Lanzi tells PoliceOne that a “Facebook” group supporting his efforts has even materialized. Appropriately named “Princetonians for a Safer Campus,” the group’s stated objective is to “change to University policy so that Princeton University Police Officers are properly equipped to serve and protect the campus community.” Whoever put the group together went to some lengths to declare that the officers they’re supporting are “fully trained and qualified by the State of New Jersey as police officers, having undergone months of police academy training and firearms certification.”
It’s good to know that at least some members of the alumni and student populations have Lanzi’s back, but the administration appears to remain intransigent. The university’s message to the community is essentially: We will not tolerate guns even in the hands of our own public safety personnel. They seem to place this political decision ahead of a parent’s wishes that an active killer be neutralized their child is counted among the dead or injured. Princeton must have such a “waiting list” that the university has the luxury of calling all the shots – quite literally – on the security of its students.
Sheep, Shepherds, Wolves, and Sheepdogs
PoliceOne columnist and Street Survival Seminar instructor Dave Smith has written extensively on the subject of arming campus police. In a P1 Exclusive called Shepherds and Wolves, written in the aftermath of the Virginia Tech shooting, Smith said: “A simple truth: there may come a time in any one of these schools where the guardians of these innocents may have to defend them from this type of horrific violence. That moment may be the one single point in time when the violence might be stopped. The problem: the violence will have to be stopped with like force, and in too many campuses and school systems the defenders (the students’ protectors) have no deadly force because they carry no firearms.”

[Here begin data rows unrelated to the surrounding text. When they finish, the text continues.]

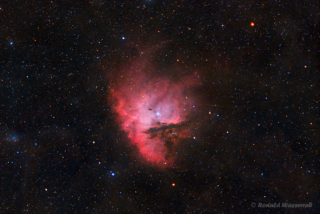 Ein weiteres Astro-Fotografie-Objekt, welches ich im Sommer 2023 aufnehme, ist der Pacman-Nebel (NGC 281) im Sternbild Kassiopeia. Der 9500 Lichtjahre von der Erde entfernte Emissionsnebel hat seinen Namen von der Ähnlichkeit mit der Pillen fressenden Spielfigur Pac-Man.
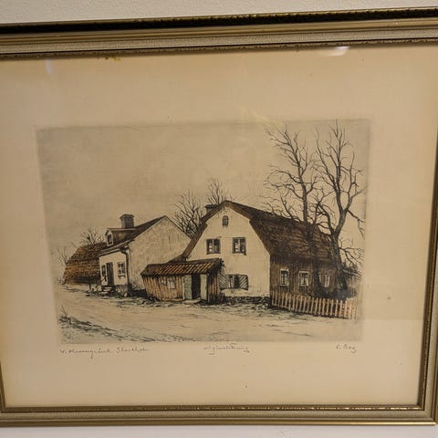 Teckning av ett hus i landskap av Wiveca Claeson (1920-2004). Signerad med namn på baksidan. Bildmåttet är 28 c 38,5 cm. I vit passepartout, 8,5 cm2 bred.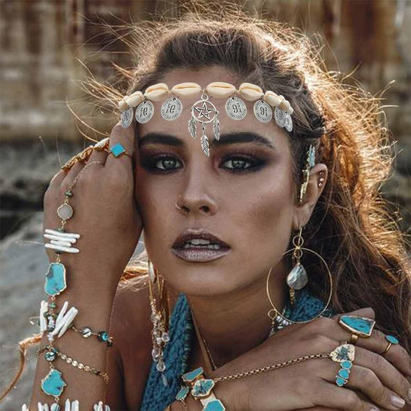 Fashey Headchain Shell Headpiece Star Pendant Hair Bands Prom Festival Forehead Chains Wedding Hair Accessories for Women and Girls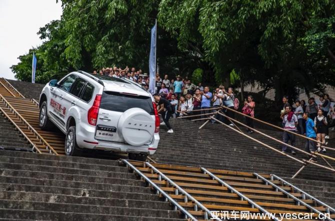 首先,臺階的輪胎接地面積相對較小,同時坡度和高度也更大,對車輛的動力扭矩輸出以及扭矩的響應是極大的考驗,稍有扭矩不足就會導致爬坡失敗,甚至有溜坡風險。其次,車輛行駛在臺階上,臺階對車輪及懸架的沖擊比其他路況都要嚴峻,其對底盤在持續(xù)惡劣工況下的高強度行駛以及零部件的可靠性有非常高的要求;尤其是在平臺上臺階,以及臺階到平臺的部位,對前后懸架的抗沖擊性是非常大的挑戰(zhàn),且萬步梯的平臺有30余個,惡劣程度可想而知。萬步梯臺階的坡度值很大,平面-斜坡-平面的過程中完全沒有過渡,這一有別于常規(guī)、并非適用于正常車輛行駛工況的路段對于車輛的通過性(接近角、離去角,縱向通過角)將是非常大的考驗,一般車輛是無法完成的。那么作為哈弗家族的旗艦車型哈弗H9又將如何以實力來應對撫平以上重重挑戰(zhàn)呢?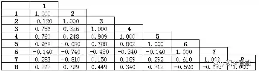 由上图,可知测点1、3、4、5为后部分总成上测点,点2、6、7、8为为前部分总成上测点。将该总成上各测点的相关性系数分别结算出来,查找规律。

Lt. Col David Grossman, U.S. Army (Ret.), author of On Killing, said in his article On Sheep, Wolves and Sheepdogs, “The sheep generally do not like the sheepdog. He looks a lot like the wolf. He has fangs and the capacity for violence. The difference, though, is that the sheepdog must not, cannot and will not ever harm the sheep. Any sheepdog who intentionally harms the lowliest little lamb will be punished and removed. The world cannot work any other way, at least not in a representative democracy or a republic such as ours. Still, the sheepdog disturbs the sheep. He is a constant reminder that there are wolves in the land. They would prefer that he didn’t tell them where to go, or give them traffic tickets, or stand at the ready in our airports in camouflage fatigues holding an M-16. The sheep would much rather have the sheepdog cash in his fangs, spray paint himself white, and go, ‘Baa.’ Until the wolf shows up. Then the entire flock tries desperately to hide behind one lonely sheepdog.”
Smith concludes: “People of action, such as you and I, will always seek what we might do to stop these terrible tragedies. Others will beg to create a world that will never be, a paradise of sheep and wolves lying side-by-side in loving peace. They will someday learn that the shepherd must not be denied the staff to smite the wolf; for the spirit of the wolf will never change and while some wonder why the wolf eats the lamb, you, the shepherd, must stand ever vigilant between the two…”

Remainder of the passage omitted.